Tuesday, Jan 19, 2010 at 11:36
Yes cut out "they were all girls" bit

I started in an Ericcson manual exchange in 1954 when I was 14 at Mosgiel in NZ

Later it went to a BMSB multiple board.

This was a type where on operator could answer everyone without moving from their seat

Whereas the Ericcsons you could only reach 100 at a time.

On a Sunday if we were on our own we had to run up and down the 5 boards answering them all.

God help us on a wet Sunday.

When all the cords were used we used to go down and pull them all out and start again

The locals knew woops the exchange is flat out and didnt ring back for a while.

Progressed from there to western Electric Toll boards in Christchurch and later in Dunedin

In 1980 they introduced cordless consoles which were slower than the old corded boards.

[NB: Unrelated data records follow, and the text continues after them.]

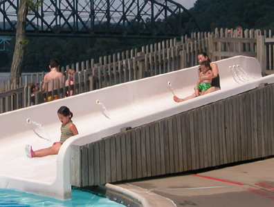 | We had to stay in Pittsburgh for a couple of days so that Dad could have a business meeting. So we took one day to visit the local water park. That's Zoe in front and me & mom in back. |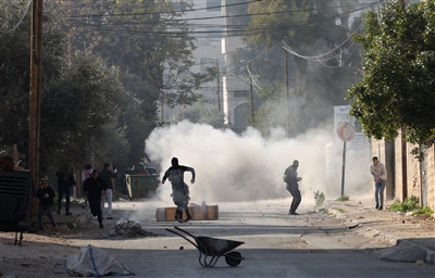 以色列军队26日在约旦河西岸北部城市杰宁与巴勒斯坦人发生冲突,打死9名巴勒斯坦人。图为巴勒斯坦抗议者与以色列军队发生冲突。新华社发
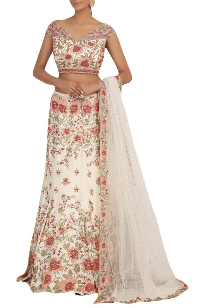 This white Tarun Tahiliani lehenga is for today's quintessential modern bride. Ditching the traditional colour palette of reds and maroons, this embroidered white piece with spaghetti strap blouse manages to catch the attention of everyone. With colourful thread embroidery and jacquard blouse, this elegant outfit can be paired with multi-layered gemstone necklace set, jutti and colourful trendy rings. Avoid over-accessorizing. Go bold with eye makeup with emerald green eyeliner and subtle skin and lips.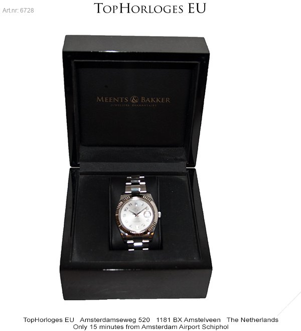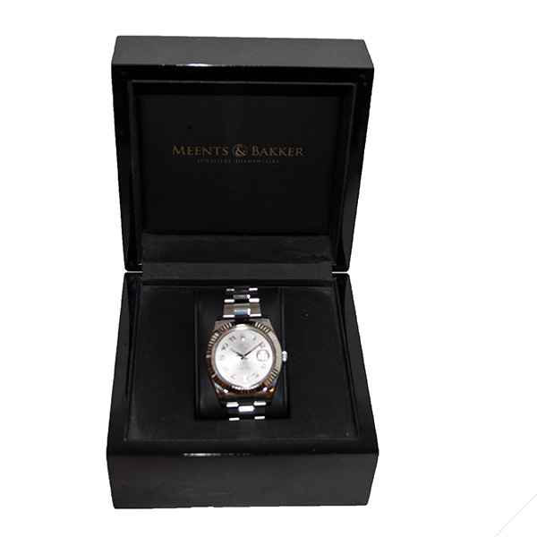 Een prachtige, haast ongedragen Rolex Datejust 2 in het staal met witgouden lunette. Zilvergrijze wijzerplaat met Arabische index.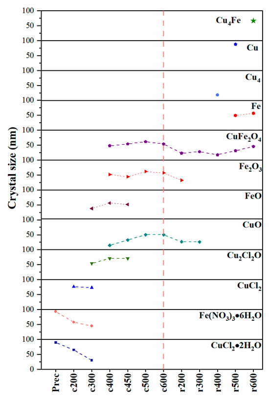 In addition, to better understand the formation of CuFe bulk during calcination and reduction, we have used XRD analysis to calculate the average crystallite size and its temperature-dependent changes using the Scherrer Equation (3), where D is the crystallite size (Å), λ is the wavelength (1.5418 Å), Scherrer’s constant K (0.9) is for good approximation [29], and β is the full width at half maximum (FWHM). The potential influence of error propagation and other factors that could contribute to peak broadening, such as variations in particle composition, was not considered in the determination of FWHM. The measurement was performed on the peak with the highest intensity within each phase. That is: Fe(NO3)3·6H2O, 22.3°; CuCl2·2H2O, 16.2°; CuCl2, 15.5°; Cu2Cl2O, 17.6°; CuO, 38.7°; FeO, 41.7°; Fe2O3, 33.2°; Fe, 44.8°; CuFe2O4, 62.7°; Cu4, 43.6 °: Cu, 43.3°; Cu4Fe, 43.2°.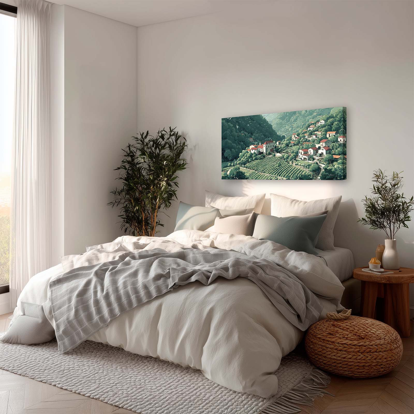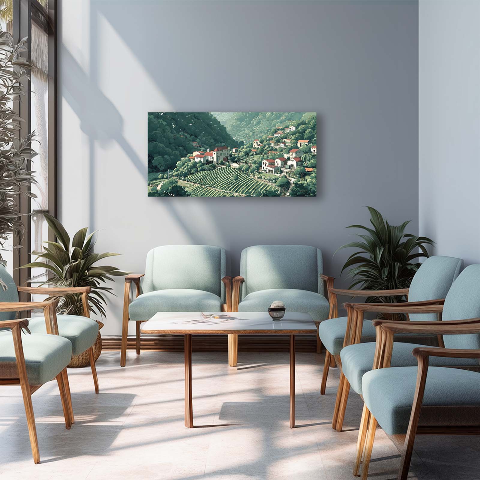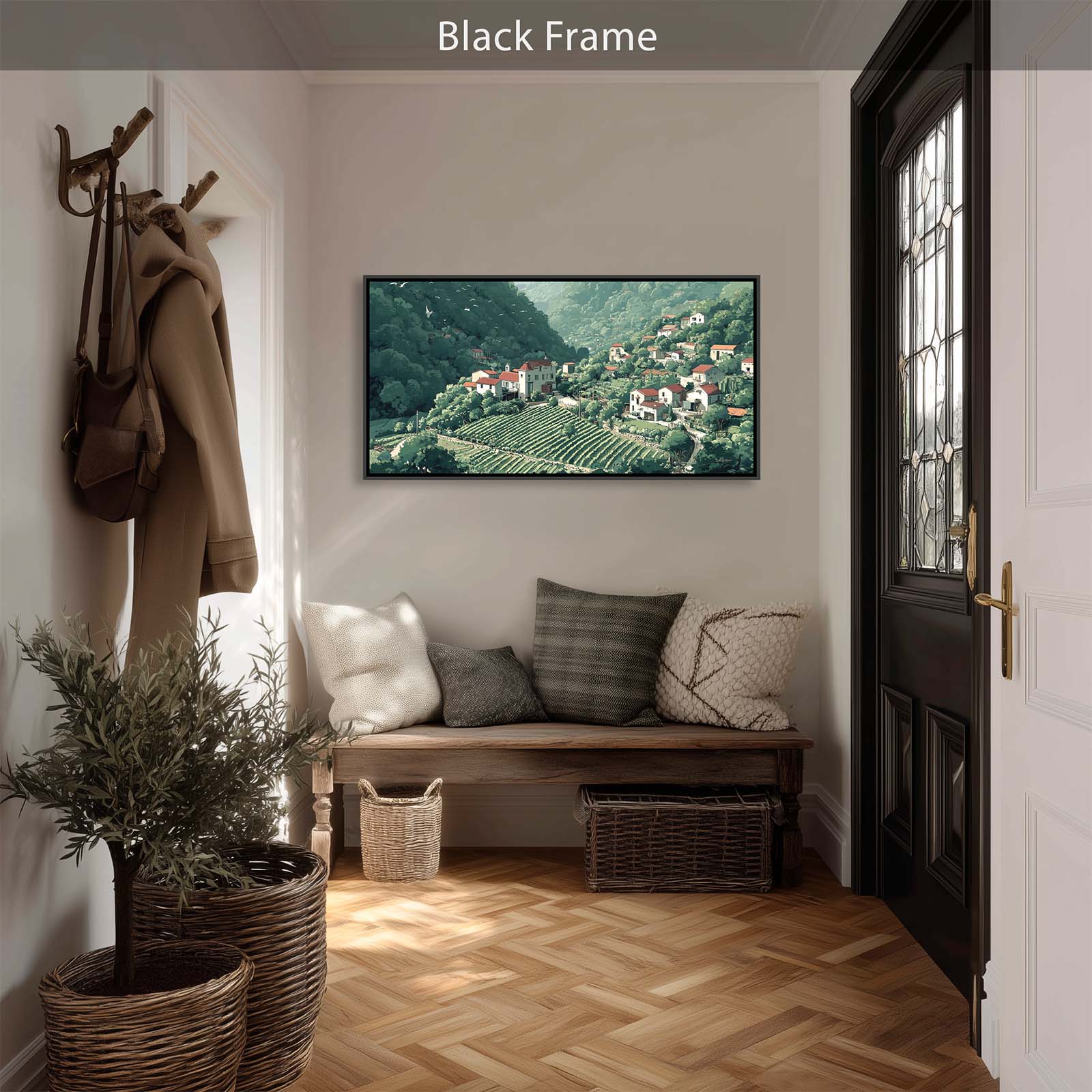 The scene’s gentle forms and harmonious palette bring a refined touch of nature and culture into your home or office, blending easily with a wide range of interior styles. Full of thoughtful detail, this piece celebrates the quiet bounty of life in a mountain village.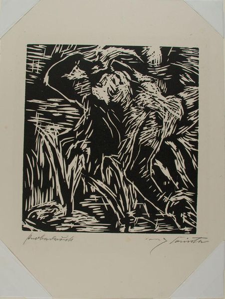 This is Straßenszene, nach dem Regen, by Ernst Ludwig Kirchner, made with woodcut, and look at that pure black and white! It's like Kirchner wasn't messing around; he just went for it. He hacked away at the block, giving us these sharp, angular forms. Notice the faces of the figures, almost mask-like, with these intense, staring eyes. You can practically feel the grit and the energy. I love the way he uses the black and white to create such a strong contrast. It's almost violent, but also kinda elegant. There’s something about the density of the blacks that makes the whole scene feel claustrophobic, a real snapshot of urban anxiety. The way he's playing with the graphic quality reminds me a bit of Munch, but with a more aggressive, in-your-face kind of vibe. It’s a conversation, right?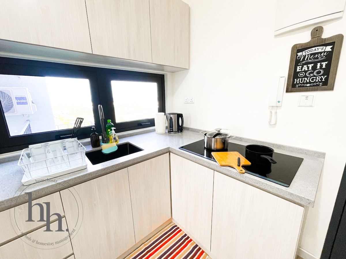 Ласкаво просимо до Sunway GRID Residence - стильного міського відпочинку поруч із роздрібним парком Sunway Big Box! Наша студія вміщує 4-8 гостей з 2 ліжками queen-size та 4 матрацами на підлозі. Відкрийте для себе визначні пам 'ятки, магазини та ресторани поблизу. Незалежно від того, чи для бізнесу, чи для відпочинку, SunwayGRID забезпечує комфорт і зручність. Ідеально підходить для бізнесу або відпочинку, досліджуйте найближчі пам 'ятки. Зверніть увагу: хоча помешкання вміщує 8 осіб, ми рекомендуємо 4-6 гостей для комфорту через одну ванну кімнату. Забронюйте помешкання для чудового відпочинку!
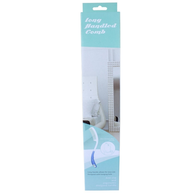 Il suo manico lungo e curvo, realizzato in plastica resistente, si adatta perfettamente alla forma della testa, permettendo di pettinarsi con il minimo sforzo.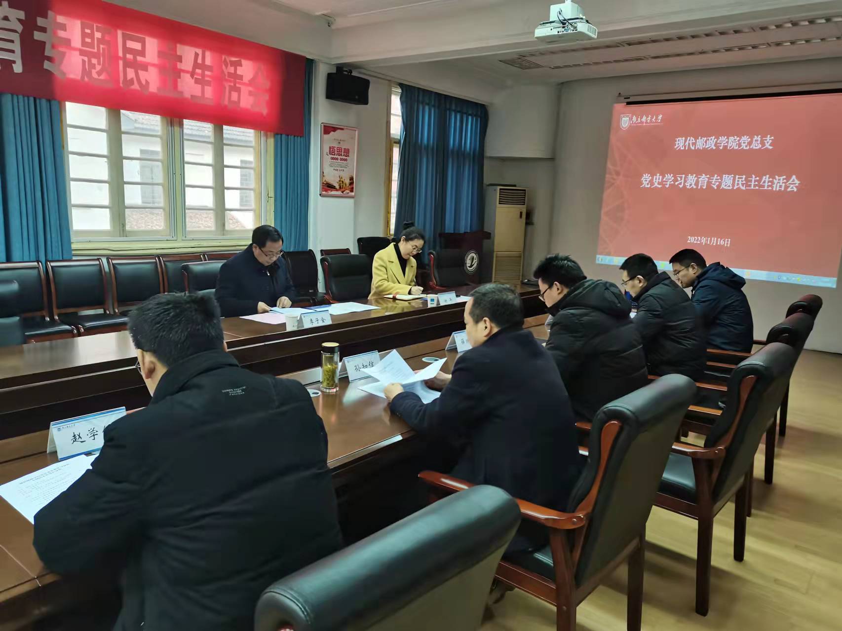 根据学校党委《关于开好2021年度党史学习教育专题民主生活会的通知》的部署要求,2022年1月16日下午,现代邮政学院党总支在三牌楼校区行政北楼学院207会议室召开党员领导干部党史学习教育专题民主生活会,校党委常委、纪委书记、省监委派驻南京邮电大学监察专员李子全、校党委常委、宣传部部长谢平出席会议并全程指导。学院领导班子全体成员参加了会议,会议由学院党总支书记薛晓华主持。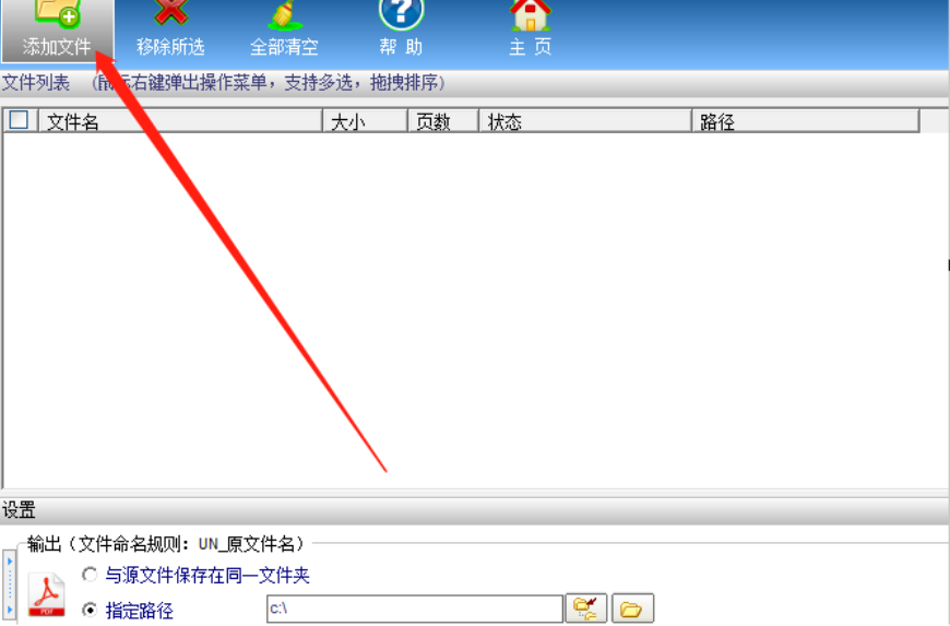 1.首先第一步我们打开软件之后在界面左上角点击添加文件按钮,点击之后添加需要解锁的PDF文件。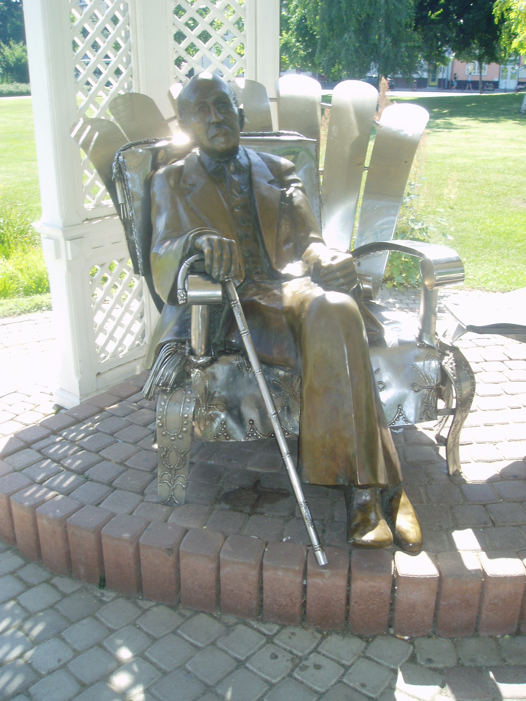 Nyilvános 1183 | 1998 | Siófok, Millennium park. Varga Imre: Kálmán Imre | Az 1920-ban épült, hajdani pompájában felújított állomásépület előtt 1994-ben készült el a 16 ezer négyzetméteres Millennium park. Gyönyörű pázsit, különleges cserjék, virágok, szobrok, tavacska, este díszkivilágítás ékesíti a területet. Itt állították fel - stílszerű környezetben, egy zenepavilonban - a város nagy szülötte (lásd: Siófok, Kálmán Imre sétány 5.), Kálmán Imre szobrát, mely karosszékben ülve, enteriőr–szerű környezetben ábrázolja a világhírű operettszerzőt. Az 1997-ben felavatott szobrot Varga Imre készítette, aki maga is siófoki születésű és számos alkotása tekinthető meg a városban (lásd: Siófok, Fő tér). Az ő alkotása a Művészeti iskola előtt álló Bartók–szobor is (lásd: Siófok, Mártirok útja 5.). A fénykép 2006 júliusában készült. http://www.siofok.hu/seta_a_varosban_hu.php |

In 1989 all the work was centralised and all operators in the South Island except CHCH were made redundant.

Thats called progress.

Instead of an operator who could say Oh they're not home, you got operators who didnt even know where the place was you wanted to ring.

Also the Emergency service went to pot.

When it was localised the operators knew the area intimately, now they are 100's of k's away and know nothing.

In Dunedin we had a landslide where 70 houses slipped own a hill.

Panic
The police found out the contacts they had for services like helicopters were all out of date.

Luckily the operators knew the susbs well enough to be able to connect them to the right person.

So newer may be cheaper to run but isnt better sometimes.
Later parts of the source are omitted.